10 de novembre, 2015

Ella [y yo]

Volaban las horas en la amargura de sus mañanas. Saltaba de escalón en escalón en el caos, que ni dulce ni salado -amargo-, yo contemplaba, pasando de todo. Veinte minutos sentado mirándola como saltaba,
y ya serán cuarenta.

De golpe, la locura, la suya, que no me vió pero me buscaba. Con el odio enganchado en la comisura de sus labios. Sonriéndome desafiante.
Ambos andábamos hacia un regreso a lo anterior, sin verlo, otra vez. Se puso a correr, cansada, pero no paraba
nunca.

Y yo, era su amante, pero no su amigo, un acompañante de camino, el trayecto de su sonido. La transición de sus lágrimas en mis versos.
Y ella cantaba cuando no la escuchaba, pero la oía, y a veces se reía, subía de nuevo esa maldita escalera y des de arriba me decía:

"He caído en la precariedad de nuestros pasos. No me reclames el billete de partida, la puerta está abierta hace tiempo".

Estaba loca.

Le dolían los pies y se quejaba.

Y ella, cogió otro tren. Uno que no era el mío. Uno que la devolvía a sus utopías ambiguas, utopías que dibujaba en el techo del vagón con un pincel que me robó.

Y ella, mi musa, soñaba con los ojos abiertos al borde del precipicio, abrazaba mis miedos bajo la sombra de un cerezo, gritándole a la Luna que la vida le sabía a poco.
Y yo contando las estrellas de su pelo rojo, a su lado,
 pero lejos.

Y ella, a veces se escondía detrás de una ráfaga de viento que se llevaba fragmentos de este pordiosero hábito que tengo de lamentarme todo el tiempo.
Era feliz sin serlo.

Y yo, perdía el norte, el sur, el aliento y la ropa entre la melodía de sus dedos.
Ahora que se ha ido, quiero decirle que aún respiro el mismo aire tóxico que daba vida a sus cuentos  de hadas.
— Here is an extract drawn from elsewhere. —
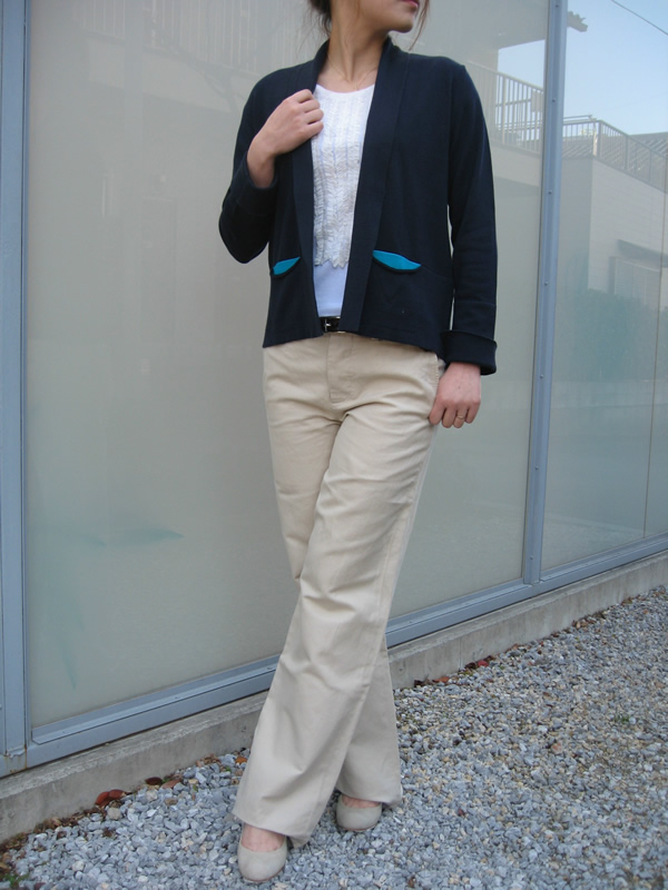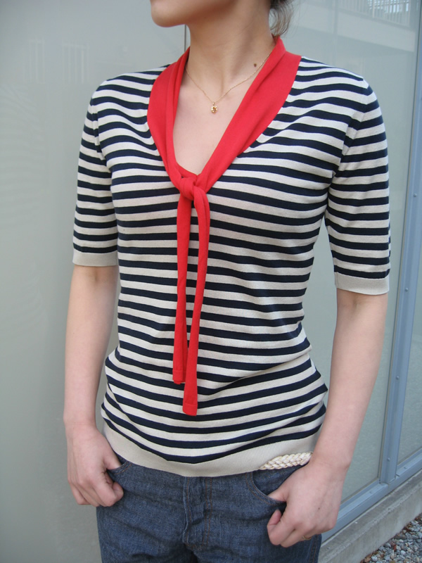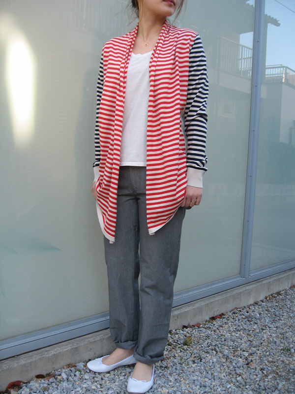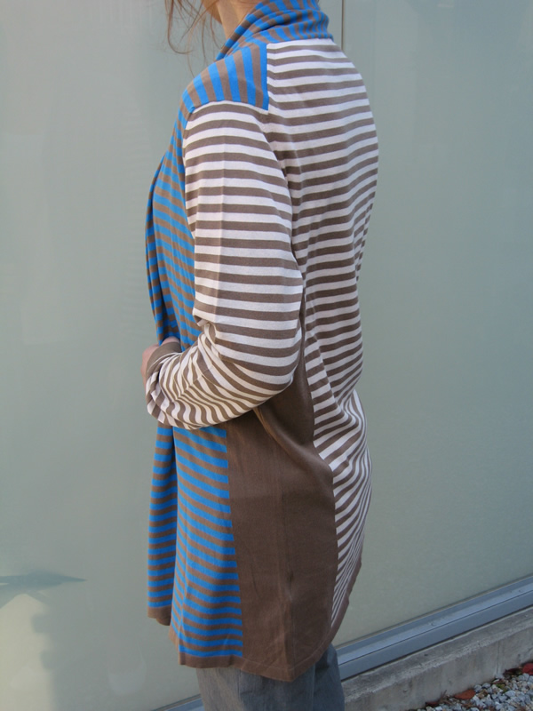 襟部分と前身頃は、鮮やかなボーダー。サイドは、無地で、縦のラインをシャープに見せる効果も。袖・後ろ身頃は、シンプルなボーダーですっきりと。

Y ella, daba muy poco para no gastarse. Programaba la obsolescencia de mis miradas y nuestros dedos entrelazando un todo, el hilo de su cordura, que no significó nada.
Porqué, según ella, quedarse para siempre es aceptar el nunca.

Dos semanas después de irse, me la encontré andando por nuestro bosque de los cerezos, preguntándole al Sol qué camino debía seguir en su eterna huida, como en sus bocetos.

Ahí lo entendí.

Escapaba de mí para no tener que encontrarse consigo misma.